The WDB agent carries out requests transmitted from the target server, and replies with the results. The WDB agent contains a compact implementation of UDP/IP, which supports an RPC messaging protocol called WDB. The WDB protocol is a core minimum of the services necessary to respond to requests from the Tornado tools. These protocol requests include memory transactions, breakpoint/event notification services, virtual I/O support, and tasking control. The WDB protocol uses the Sun Microsystems specification for External Data Representation (XDR) for data transfer.
The WDB agent synthesizes the target-control strategies of task-level and system-wide debugging. The agent can execute in either mode and switch dynamically between them, provided the appropriate drivers are present in the Board Support Package (BSP). This permits debugging of any aspect of an embedded application whether it is a task, an interrupt service routine, or the kernel itself.
A significant feature provided by the WDB agent is its ability to interpret a simple language called Gopher (for a description of the Gopher language, see 4.3.11 Gopher Support).

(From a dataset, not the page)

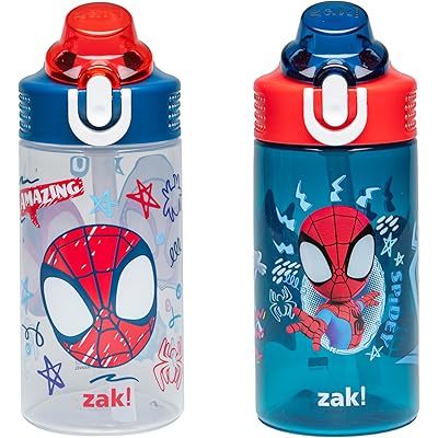 Zak Designs Marvel Spider-Man Sage Kids Water Bottle For School or Travel, 16oz Durable Plastic Water Bottle With Straw, Handle, and Leak-Proof Spout Cover, 2-Pack (Spidey and His Amazing Friends)
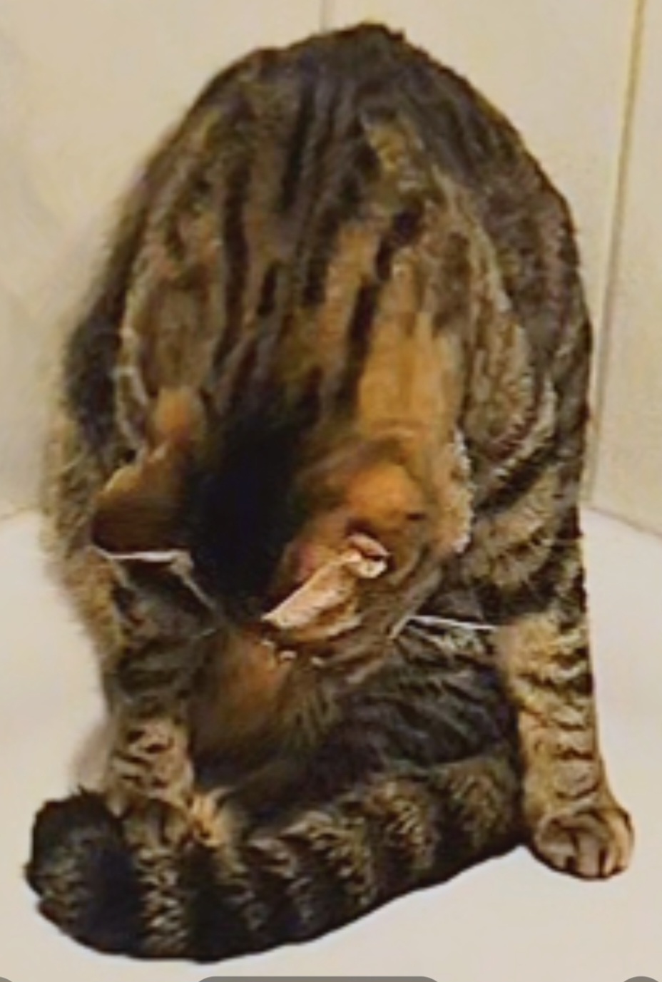 Bis auf ein kleinen weißen Fleck an der Brust komplett getigertes Fellmuster, schwarze Schwanzspitze

Gopher scripts are very compact strings that specify a target data structure (or a list of structures) of arbitrary complexity to be gathered and transferred to the host. Because this technique is interpretive, the target is not burdened with specialized routines to gather state information for every system object.
By virtue of a Gopher script, application developers can likewise gather application-object state information without burdening the application with state-information routines. The Gopher interpreter itself is very small (smaller than the amount of the memory that would otherwise be required by target routines to gather only the most essential system objects), and the language is compact to reduce communication overhead. The Gopher language is accessible at higher-level Tornado APIs.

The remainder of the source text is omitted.